What you should do: Take the material below and reproduce, word for word, only the lines from the line with "Not included in" through the line with "Les forêts au".

Data:
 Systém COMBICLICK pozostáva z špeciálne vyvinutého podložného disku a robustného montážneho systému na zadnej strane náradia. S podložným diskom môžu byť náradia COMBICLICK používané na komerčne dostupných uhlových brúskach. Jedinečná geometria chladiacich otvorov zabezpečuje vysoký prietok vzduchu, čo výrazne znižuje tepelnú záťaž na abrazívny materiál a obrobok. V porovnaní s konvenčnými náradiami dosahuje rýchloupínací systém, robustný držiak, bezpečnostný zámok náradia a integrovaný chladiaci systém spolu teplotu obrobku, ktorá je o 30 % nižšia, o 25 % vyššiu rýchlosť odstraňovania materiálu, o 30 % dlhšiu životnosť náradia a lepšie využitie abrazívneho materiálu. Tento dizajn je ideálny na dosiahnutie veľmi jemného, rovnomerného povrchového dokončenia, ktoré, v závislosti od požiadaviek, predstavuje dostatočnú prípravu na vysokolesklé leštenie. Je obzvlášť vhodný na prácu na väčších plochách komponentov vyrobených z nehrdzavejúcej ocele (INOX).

...

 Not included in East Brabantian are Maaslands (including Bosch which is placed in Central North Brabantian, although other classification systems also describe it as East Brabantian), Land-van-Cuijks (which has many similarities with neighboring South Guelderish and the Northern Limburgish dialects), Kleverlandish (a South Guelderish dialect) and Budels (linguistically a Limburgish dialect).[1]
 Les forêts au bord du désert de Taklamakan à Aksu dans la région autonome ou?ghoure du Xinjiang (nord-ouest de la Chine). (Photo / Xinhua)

==

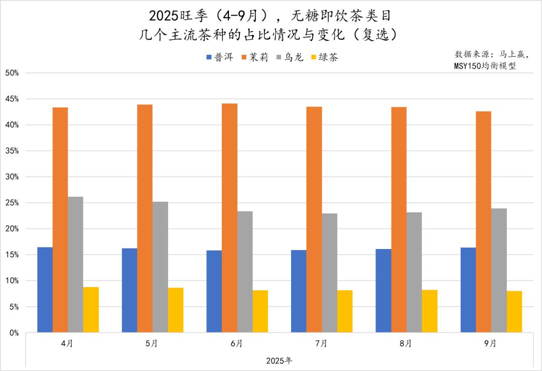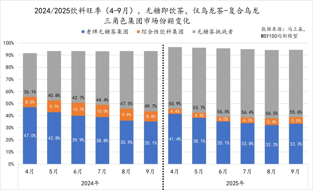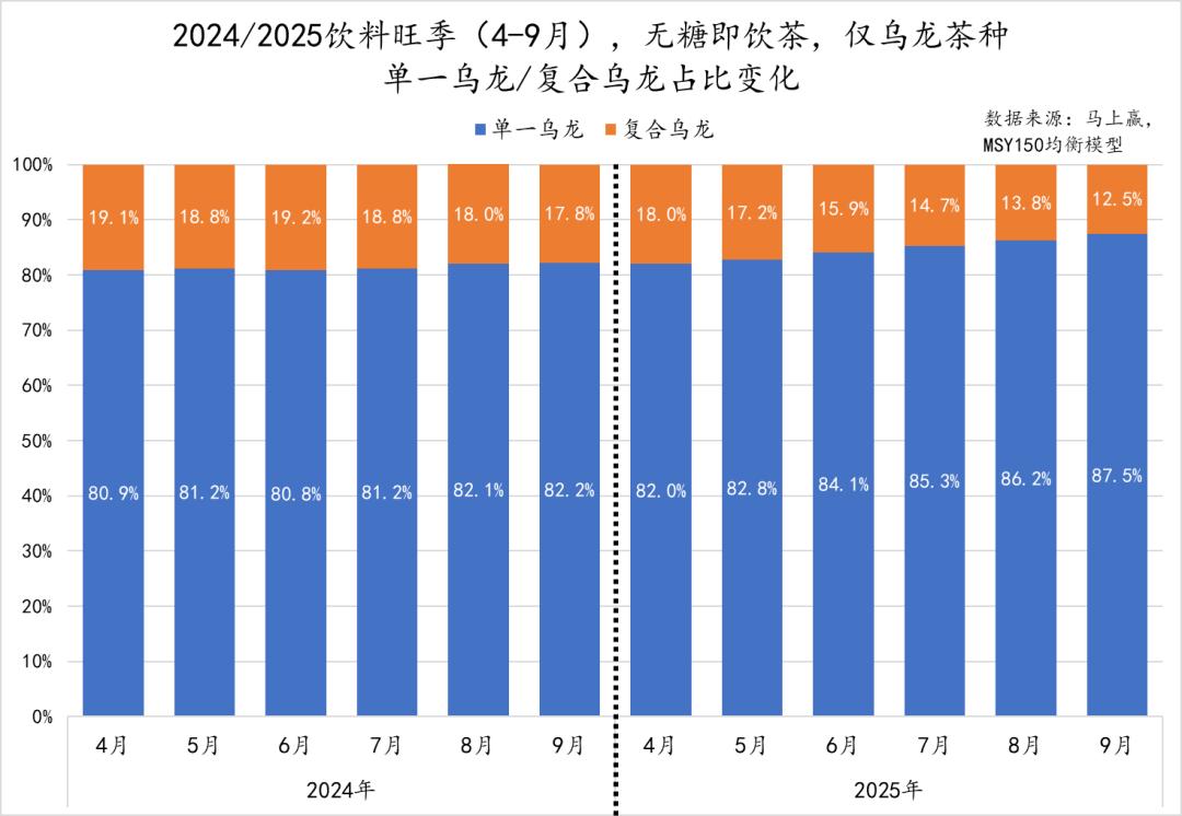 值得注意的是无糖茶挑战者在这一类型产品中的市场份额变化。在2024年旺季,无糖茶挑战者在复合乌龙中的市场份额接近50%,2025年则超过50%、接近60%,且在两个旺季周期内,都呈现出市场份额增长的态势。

Your solution:
 Not included in East Brabantian are Maaslands (including Bosch which is placed in Central North Brabantian, although other classification systems also describe it as East Brabantian), Land-van-Cuijks (which has many similarities with neighboring South Guelderish and the Northern Limburgish dialects), Kleverlandish (a South Guelderish dialect) and Budels (linguistically a Limburgish dialect).[1]
 Les forêts au bord du désert de Taklamakan à Aksu dans la région autonome ou?ghoure du Xinjiang (nord-ouest de la Chine). (Photo / Xinhua)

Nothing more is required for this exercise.